Wind power: generating electricity from the wind

Wind power, which has its roots in the historic use of windmills, has recently become an essential source ofrenewable energy. Modern wind turbines convert the wind’s kinetic energy into electricity using ingenious, high-performance systems. Their lifecycle, from design to end-of-life, is designed to minimize their environmental impact and optimize their efficiency. In addition to conventional technologies, a number of innovations such as flying, blade-less and urban wind turbines are boosting the sector.

How wind power works

Wind power is a renewable energy source that harnesses the power of the wind to generate electricity. Wind turbines, consisting essentially of a mast, nacelle and rotors, capture the kinetic energy of the wind. When the wind blows, it turns the blades, which are connected to a rotor. This rotor drives a generator located in the nacelle, transforming mechanical energy into electricity. The electricity generated is then fed into the power grid. The better the location, the higher the efficiency.

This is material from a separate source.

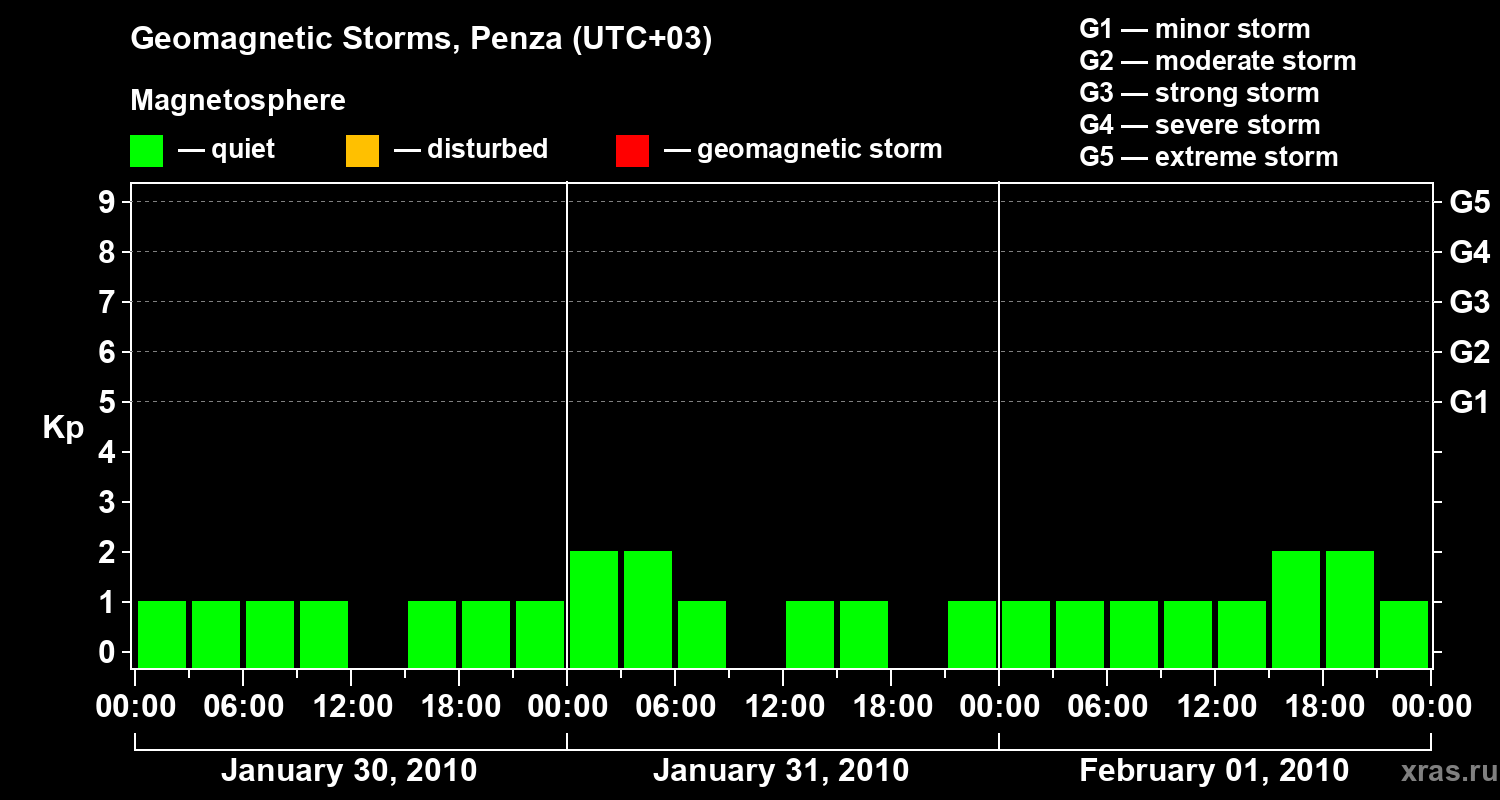 Changes in the geomagnetic index Kp from January 30 to February 1, 2010 for mid latitudes

Blade length plays an important role in wind power generation. Longer blades can capture more energy by covering a larger swept area. According to the International Energy Agency (IEA), the output of onshore wind turbines has increased considerably in recent decades, from around 50 kW with 15-meter blades in the 1990s to almost 4 MW with 130-150-meter blades by 2021.

This increase in the size of wind turbines has led to improved productivity and efficiency. Energy production is proportional to the square of the blade length and to wind speed at third power. Thus, a wind turbine with blades twice as long can theoretically capture four times as much energy, while a 10% increase in wind speed can lead to a 33% increase in energy production.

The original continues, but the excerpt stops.